En el primer mes de embarazo, agregó el purpurado, "cuando el feto medía entre 0,8 y 1,5 cm, el corazón de Dios comenzó a latir con la fuerza del corazón de María, y Cristo comenzó a utilizar el cordón umbilical para alimentarse a través de su madre, la Inmaculada Virgen. Era totalmente dependiente de un ser humano, pero tenía una total autonomía genética".

Durante los nueve meses, "el Verbo de Dios" vivió en el líquido amniótico, en la placenta de su madre, para luego nacer en Belén.

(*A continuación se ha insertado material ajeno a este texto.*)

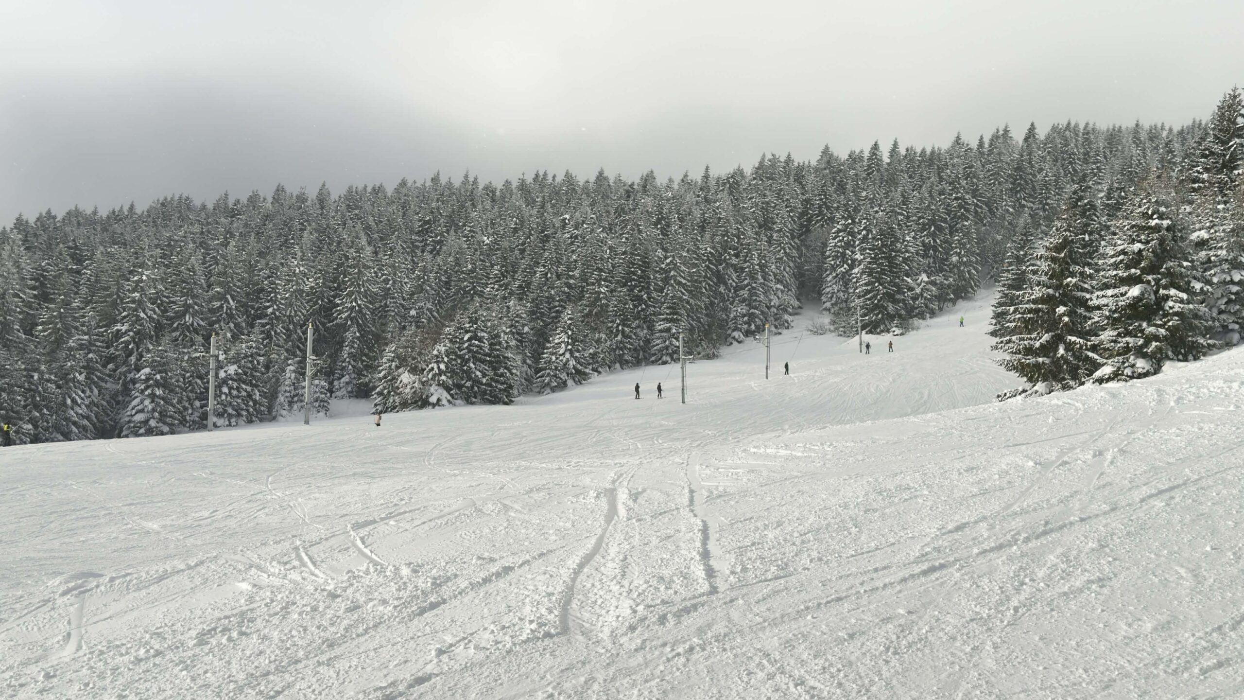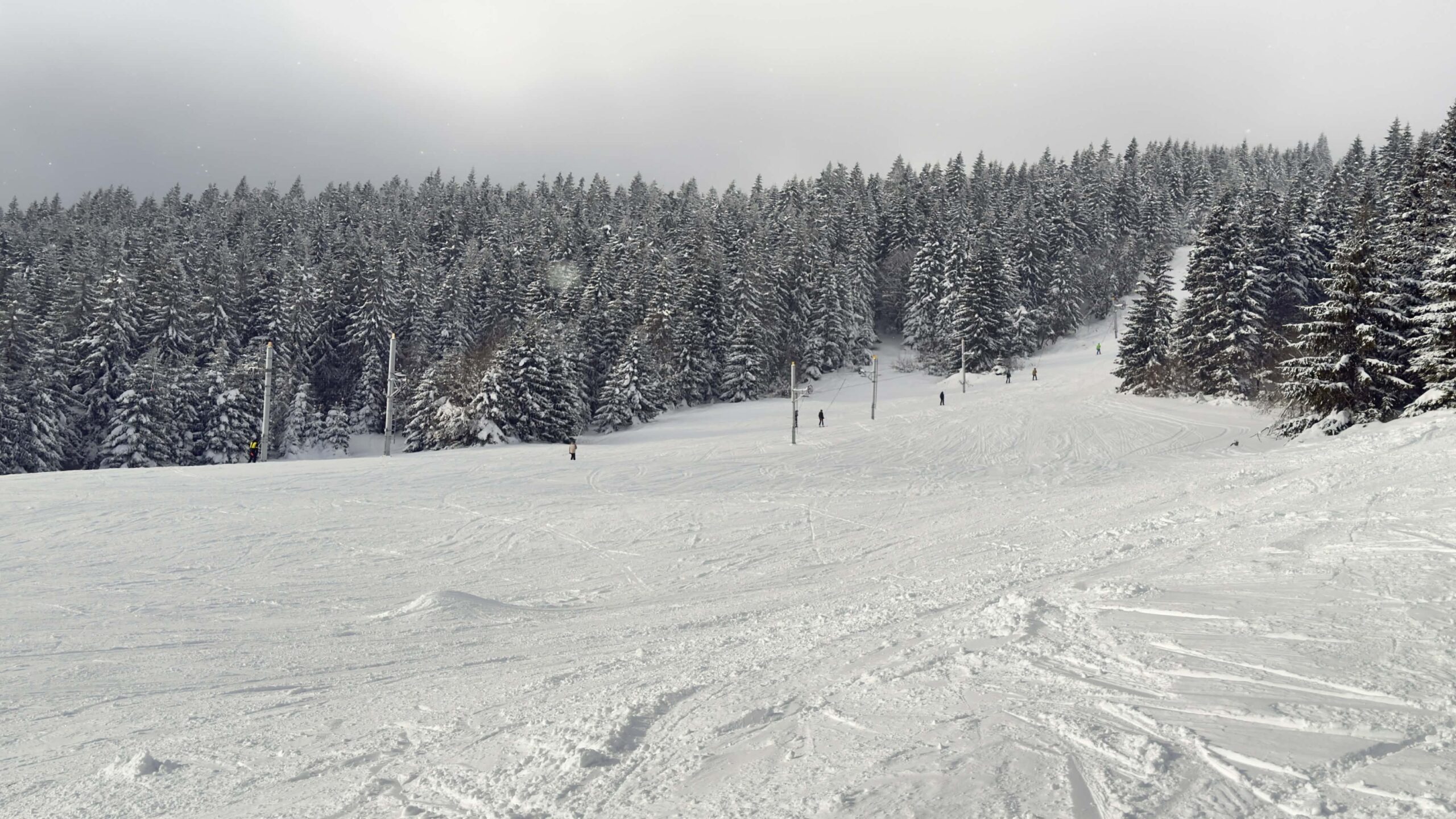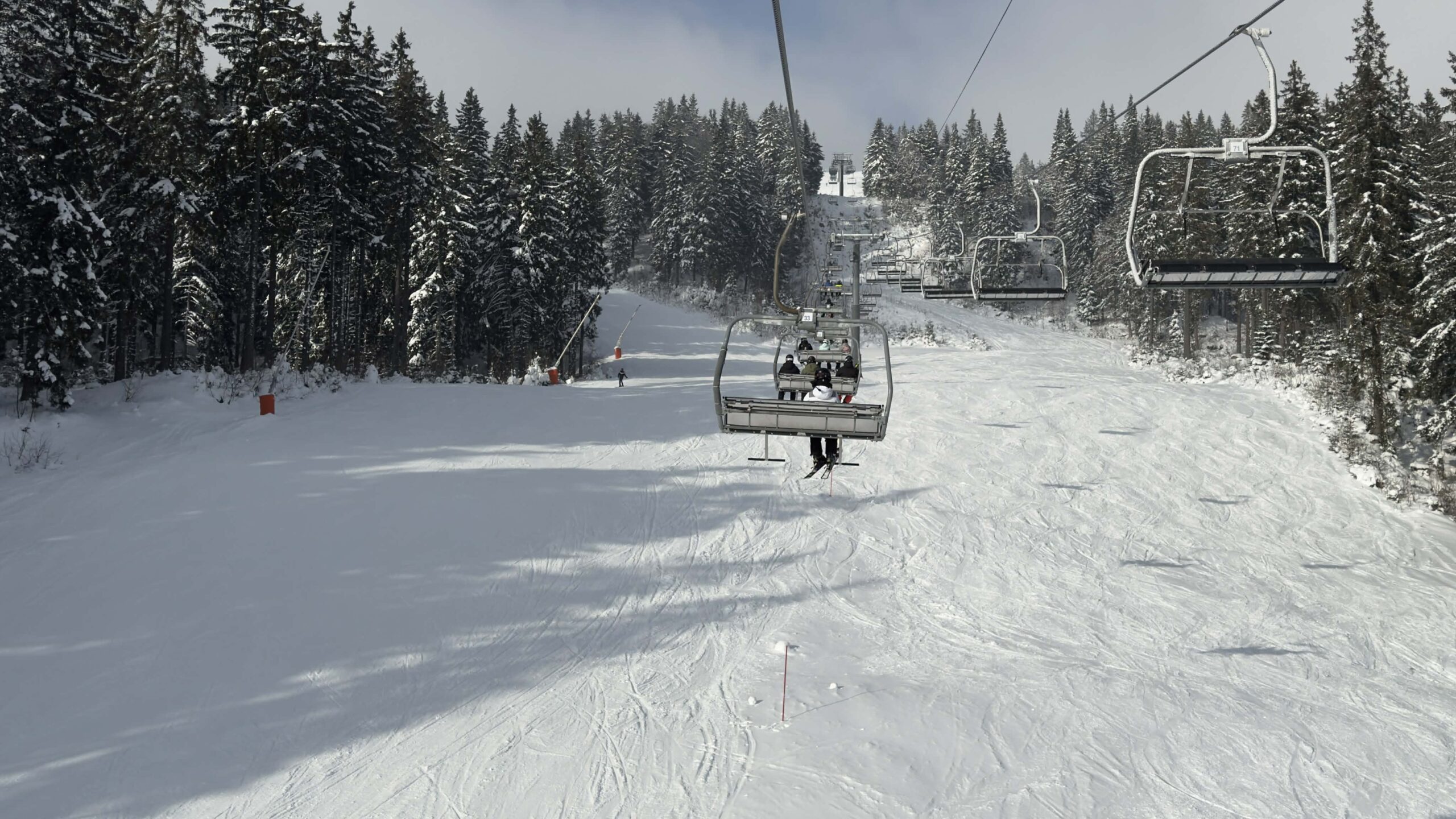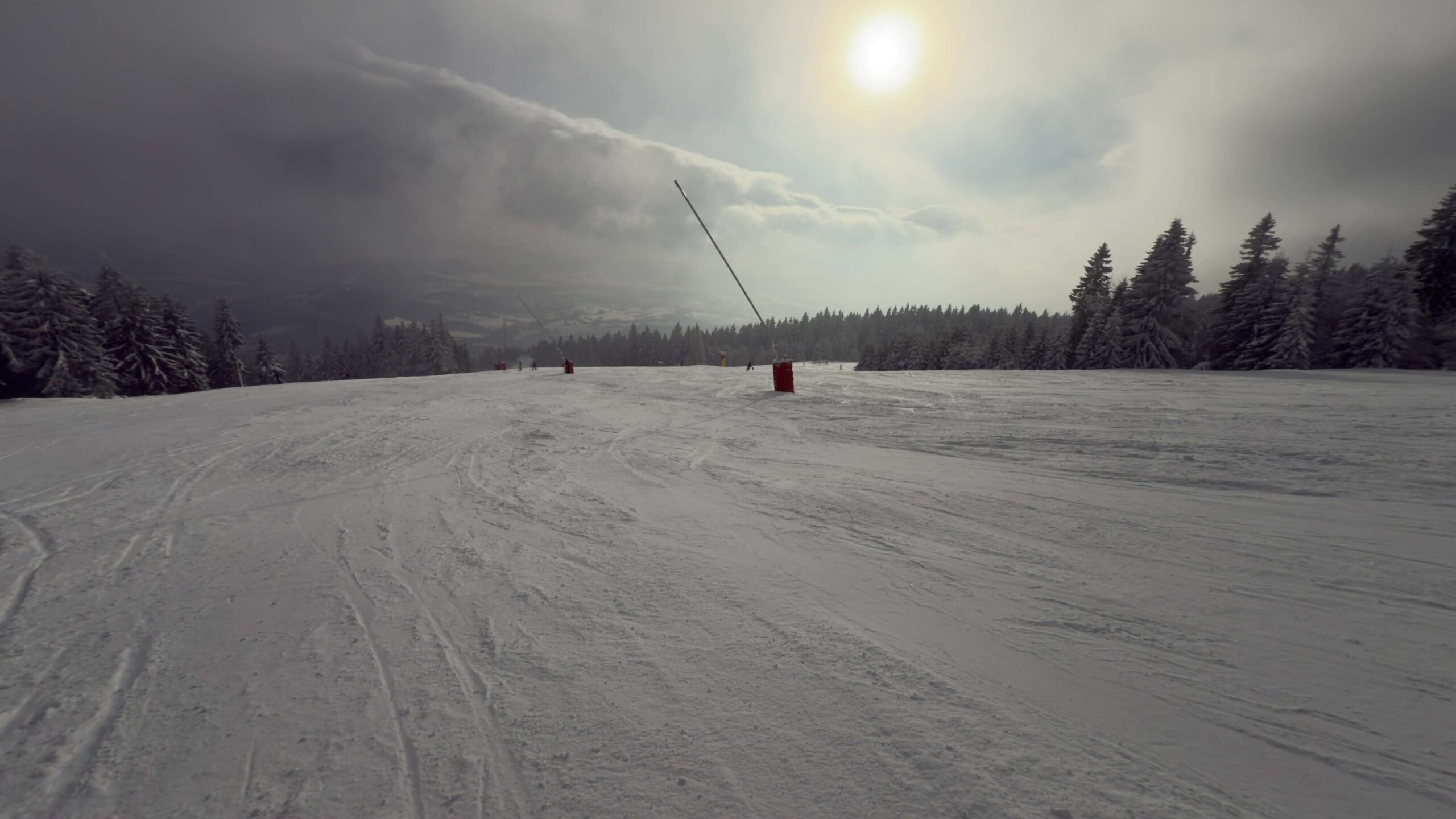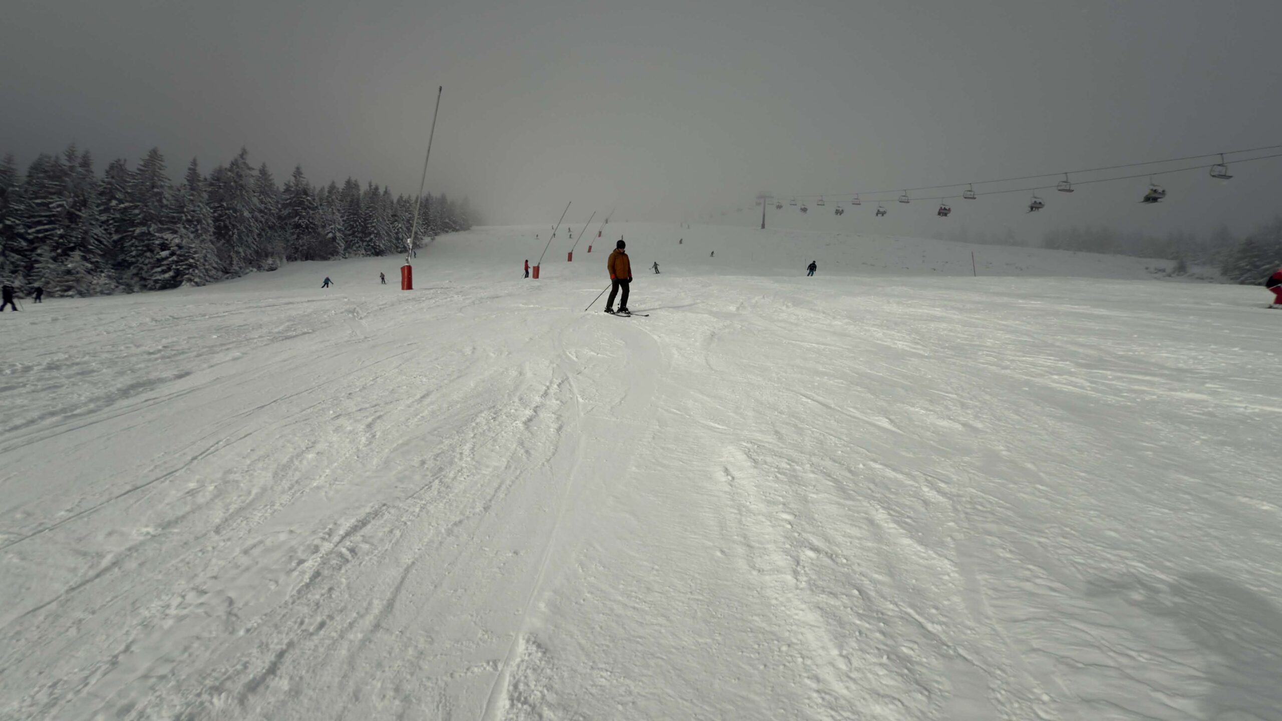 Pierwsze zjazdy dolnymi odcinkami odbywały się w lekkim mrozie i bardzo dobrych warunkach śniegowych. W środkowej części stoku pojawiła się gęsta mgła, która ograniczała widoczność i wymuszała spokojniejszą jazdę. Ten fragment góry miał surowy, alpejski charakter – mleczne powietrze, przytłumione dźwięki i wyraźny kontrast między białą trasą a ciemnym lasem. Im wyżej, tym sytuacja się poprawiała. Po wyjechaniu ponad warstwę chmur trafiliśmy w pełne słońce i zupełnie inny świat – jasny, przestronny i widokowy.

El cardenal dijo que "en 2000 años el hombre aprendió muchas cosas y ha dado pasos de gigante en la comprensión de los grandes procesos de la vida humana. Precisamente ahora, que conocemos más al hombre, que la medicina ha penetrado en el secreto de la transmisión de la vida, que avanzamos en la técnica y en la ciencia médica; avancemos también en el respeto de este maravilloso don de Dios".

En este tiempo de Navidad, tomemos conciencia del maravilloso don de la vida. Dios, que se encarnó en un ser humano y habitó entre nosotros, dignificó aún más de este modo a toda persona humana. ¡Feliz Navidad!

Dios se hizo carne de nuestra carne, cuanta alegría y regocijo.